The things I have learned so far;

- Don't judge people according to their appearance
- No matter who you are, if you believe in yourself, you can achieve all you goals and make your dreams come true
- Always trust your gut
- We all need someone
- What you get out is directly proportionate to what you put in
- Never take anything for granted
- life is about choices
- Everything will be OK
- Great minds do not think alike
- Letting go is the greatest freedom of all
- The only one holding you back is yourself

etc. :)

Thank you for stopping by my blog and leaving a comment!

The Real Mother Hen said...

I really like this list, so much wisdom in here.
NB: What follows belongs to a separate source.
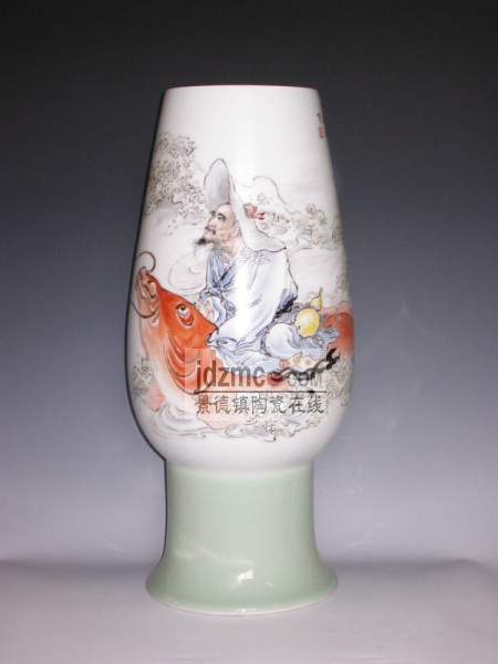 收藏家朋友非常满意这个瓶型,随后认可了母亲推荐的琴高跨鲤的画面,王老师没含糊,四个月后-2003年10月8日将一件“波涛汹涌中,跨一红色巨鲤破浪疾行的琴高画面”交给了母亲。画面中巨鲤姿态矫健,奋力前行;琴高昂首躬身,双手紧抓鱼鳍,表情焦急;身后水急浪高,画面动感极强,这一切无不渲染了一种紧迫迅急的强烈气氛。 而今这件作品已经作为了该收藏家的传家宝保存了起来。了了亭·李申盛/文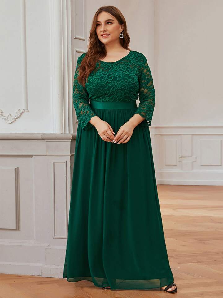 فستان وصيفة العروسة عارية الذراعين بصدر دانتيل شيفون مقاس كبير

Rose - The Center of My Self said...

I started reading these the other day when I was rushed ... then realized that these were to be savored, each one, not rushed through, so I just came back now and took my time. Delicious, nurturing, hopeful words. I especially love the first one about slowing down; having fibromyalgia and serious spinal issues have taught me to slow down and I feel I am able to see more clearly as a result. Chronic pain can be a great gift. And I love the one about surrending to something greater than the self. I agree, too, about the drinking; altering one's self doesn't provide the clarity of mind to find the answers. (And recent studies have shown that more than two drinks a week increases cancer risk.) A clear mind helps one to clear the heart and spirit, allowing the entire being to shine brilliantly.
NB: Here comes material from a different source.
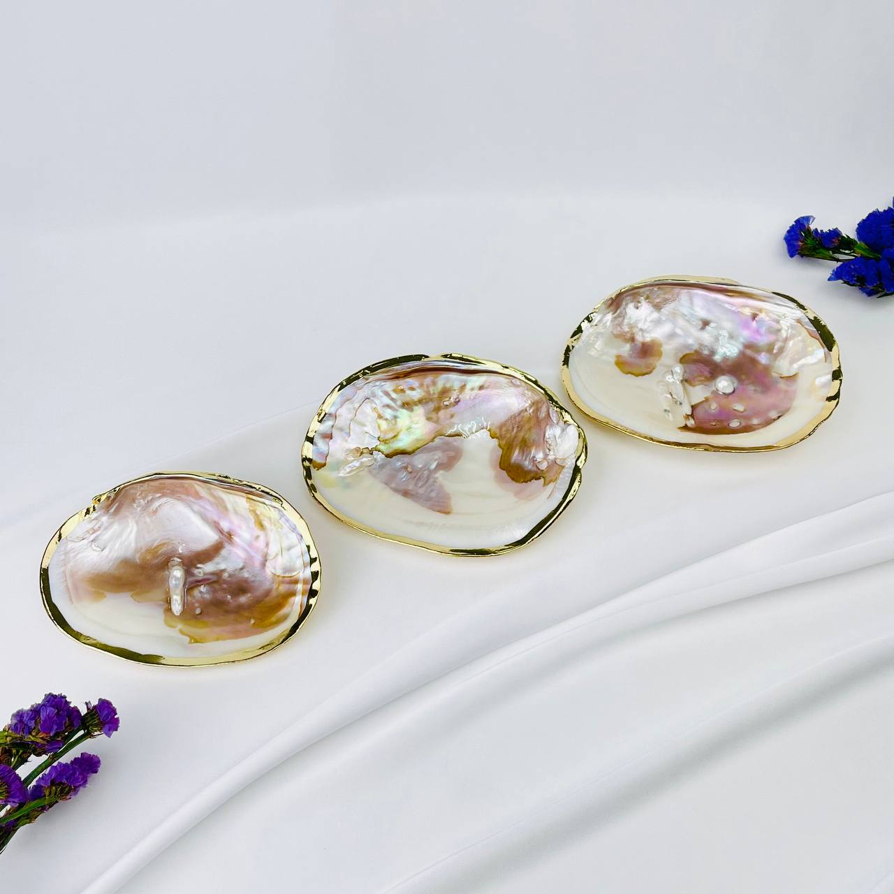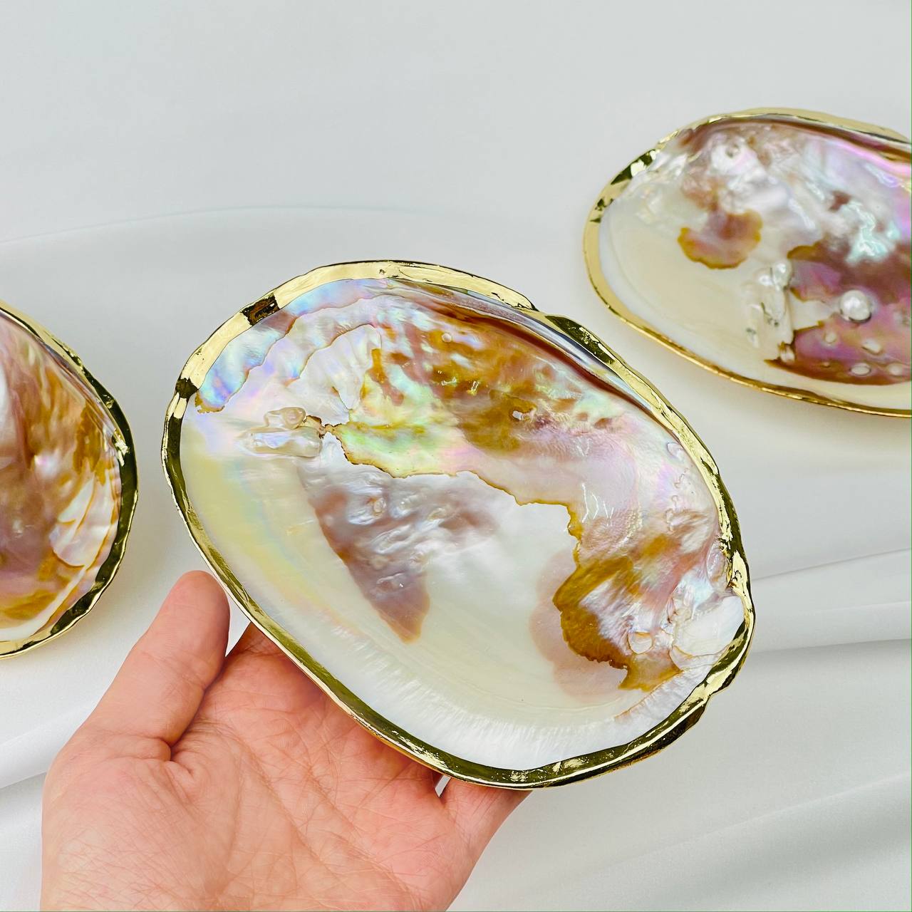 Чаша для окуривания Абалон с Жемчугом в золотой оправе

I have a few "wisdom words" on my blog's sidebar, too. Some things I've learned are:
- that I should wag more and bark less
- that I should follow the example of babies to learn how to live in the present; they don't fret over the past, they don't worry about the future. They live completely in the moment.
- that everything always works out. Maybe not they way I wanted, but it always works out.
- that I am a spiritual being, having a human experience
- that the world needs each of us to fill the universe with love and peace in our every word, our every action, our every thought
- that I need to "stay on my own mat" and not judge others
- that I need to receive what I have been given
- that I sometimes need to simply "be"

Namaste

Carmen said...

I love love love this list.
i actually reflecting in one of them right now.
Thank YOU!

Janet said...

Thanks for stopping by my blog!

Your blog is fabulous, so I'm very glad to find it. I love your backgrounds and music selections. Oh, and your writing!

I'd like to add to this one: ~that you can be a good and caring mother(or girlfiend, or wife, or friend, or co-worker) but you can never be a savior.

Lilly said...

Oh this was a great list and I will be printing this out to refer to it. Shame evil exits. And I hope that good prevails. I do.